Modern maintenance is about optimizing the performance of assets across their entire lifecycle, ensuring they operate at peak efficiency and last as long as possible. That’s good for business, but it’s also a key entry point for CSOs to drive tangible and tactical progress in their organizations.
How asset maintenance can boost sustainability
Imagine asset maintenance as a high-tech dashboard in a car. It may show the air pressure of each tire, the miles driven since the last oil change, whether the doors and trunk are properly closed and more. Even in this example, that sort of data-driven monitoring and maintenance helps ensure your car lasts as long as possible — with minimal time spent frustrated on the side of a road. Now apply that system to a major company, and you can quickly imagine how the cost-savings and environmental benefits can scale.
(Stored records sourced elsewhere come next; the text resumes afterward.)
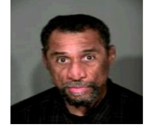
Charge/Offense Prior code: rape with force and threat.

Location Details 7465 Mountain Laurel Dr, Highland, CA 92346-3860
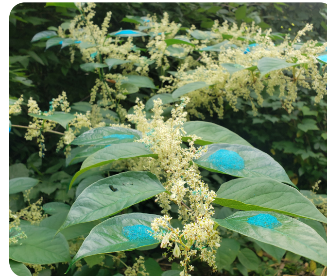
Foliar herbicide application by licensed technician

After the Knotweed has been cut in early June, the plant will respond by utilizing stored carbohydrates, further reducing the plant's vigor. The herbicides used for a foliar application move through the plant. To control the rhizomes, the application needs to be made later in the season, when the movement of carbohydrates is back to the rhizomes for growth and storage.
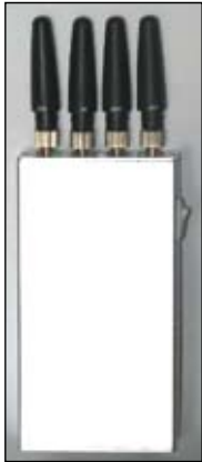
▲ JAMMER for GPS, GSM (900MHz), DCS (1800MHz) and 3G mobile bands

With an effective maintenance strategy, a business can significantly lower costs, minimize downtime and boost operational performance, while advancing their sustainability objectives. Owners who implement an end-to-end maintenance strategy can reduce the total cost of asset ownership by as much as 40 percent, according to an analysis of multiple reports. In short, asset maintenance offers businesses a direct path to improving both the bottom line and environmental impact.
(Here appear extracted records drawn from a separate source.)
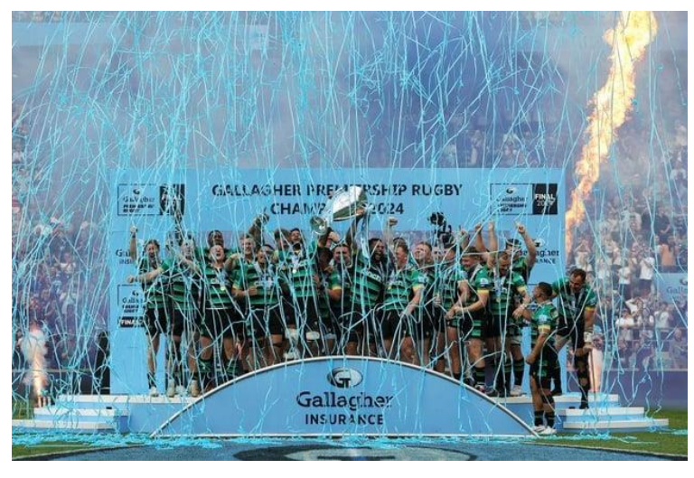
The Northampton Saints Premiership Champions 2023/2024

On a sporting front the town has a football, rugby and cricket team. The football team "The Cobblers" play at Sixfields Stadium in Division 1. The rugby team, Northampton Saints, play at Franklins Gardens in the Gallagher Premiership and won the title for the second time in 2024. The cricket team were promoted to Division 1 of the County Championship in 2019.
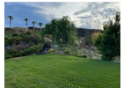
Litchfield Hills Wedding Venue
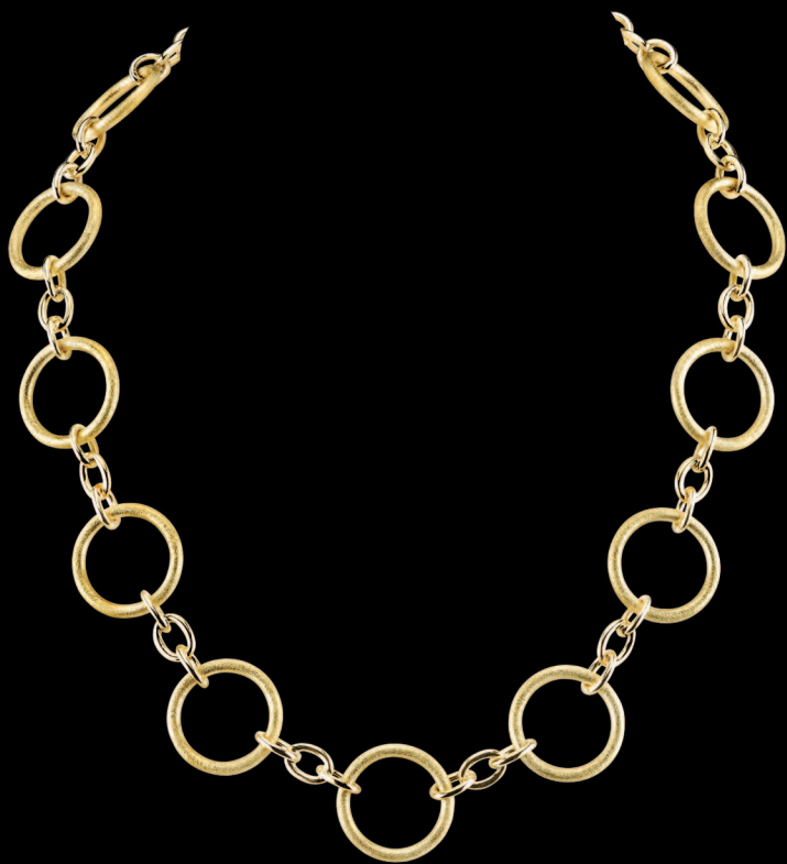
Gold Embrace Necklace

While the precise role of asset maintenance depends on what a company does and its assets, but there are several general ways it can help advance sustainability goals.
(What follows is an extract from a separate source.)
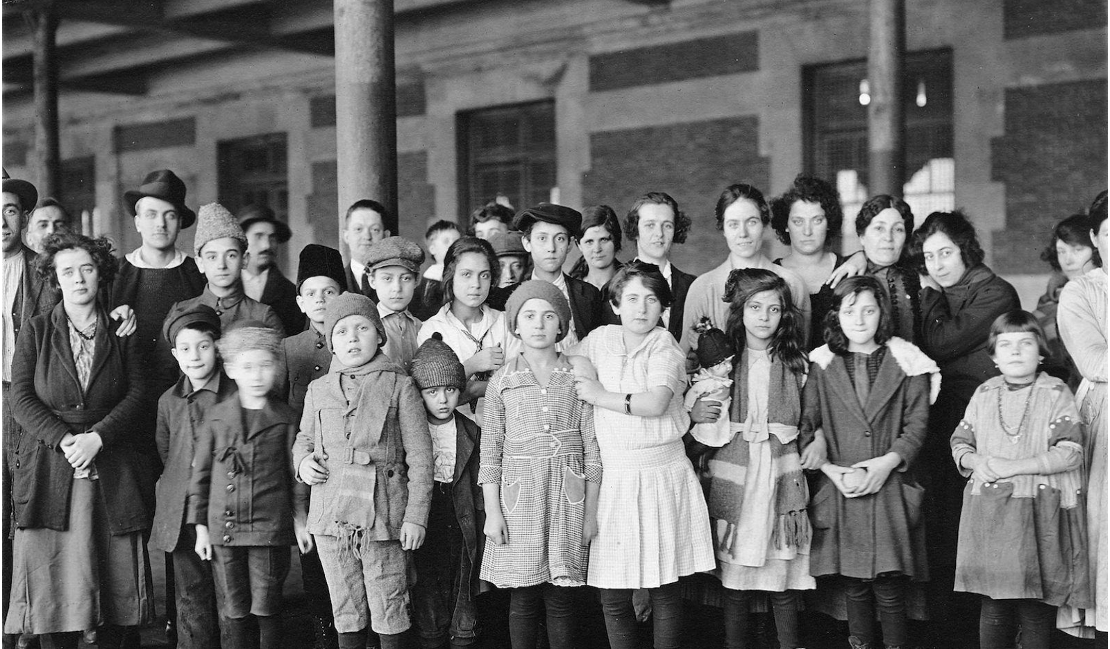
Arrival of immigrants in Israel, 1949. "For I will take you from among the heathen, and gather you out of all countries, and will bring you into your own land." Ezekiel 36:24.

ABIB (VIV) Esther 3:7, Ex 13:4, Deut 16:1 FIRST MONTH נִסָּן The Mount Zion Reporter P.O. BOX 568, Jerusalem, Israel IYYAR-ZIW (ZIF) 1 Kings 6:1 אֵיָר SECOND MONTH

First, maintenance can extend the lifespan of assets. One of the coolest examples we’ve worked on at IBM is the Great Belt project in Denmark, which includes one of the longest suspension bridges in the world with a central span of over 5,000 feet. For this project, maintenance includes a combination of drone photography, AI analysis and 3D modeling that has collectively reduced operational expenses 2 percent year over year. In terms of specific sustainability outcomes, the improved monitoring and maintenance is projected to double the lifespan of the bridge — while also avoiding 750,000 tons of CO2 emissions.
Second, maintenance systems can help with efficiency. In its own efforts, IBM’s real estate organization tapped a new AI-powered module to analyze the description of a maintenance work order and automatically generate a service code. That sounds simple, but it reduced work orders labeled “Other” — the least helpful category — by 84 percent, allowing problems to be more quickly understood, parts to be ordered and useful maintenance trips to be made. The result is an estimated savings of 10,000 people hours. That’s time that was spent on working through unnecessary confusion — time that we can bid “good riddance.” Now, it can be instead spent on proactively ordering replacement parts, checking up on equipment and systems most in need, and other useful things.
Finally, asset maintenance can help maximize uptime. This is just the other side of the efficiency coin, but it’s worth reiterating on its own. Every company relies on numerous systems or machines to get its work done. At a renewable power plant, key assets might be turbines, solar panels or grid infrastructure. Every second they’re offline means less renewable energy in the grid. That might mean a factory lies dormant somewhere, food is spoiling in a powerless refrigerator or that a more expensive and dirtier back-up option is used instead. All that waste, cost and emissions can be potentially avoided with more predictive and proactive maintenance.
Expanding what corporate sustainability looks like
For CSOs looking to drive progress on sustainability, maintenance is not a bad place to start. Imagining a technician typing on an iPad or wielding a socket wrench may not connote the same idea of sustainability as someone choosing between trash and recycling, but it should. Moreover, these examples show that smart maintenance can avoid waste, lower costs and reduce emissions.
Maintenance is yet another area where sustainability leaders can leverage data, to figure out where “hot spots” are and then operationalize a roadmap of action. The heavy industry sector already knows this, but it applies to every sector. At IBM, we do this with data from our facilities management platform, which is integrated into our reporting tool to create a single, auditable system of record that allows for site-specific inquiries and informed decision-making.
There are already strong technological tailwinds behind asset maintenance as low-cost sensors proliferate, data becomes more available, and AI is increasingly used to drive insights and action. But it’s time for the full C-suite to recognize the broad range of benefits it brings — and CSOs can play a mission critical role for driving that recognition.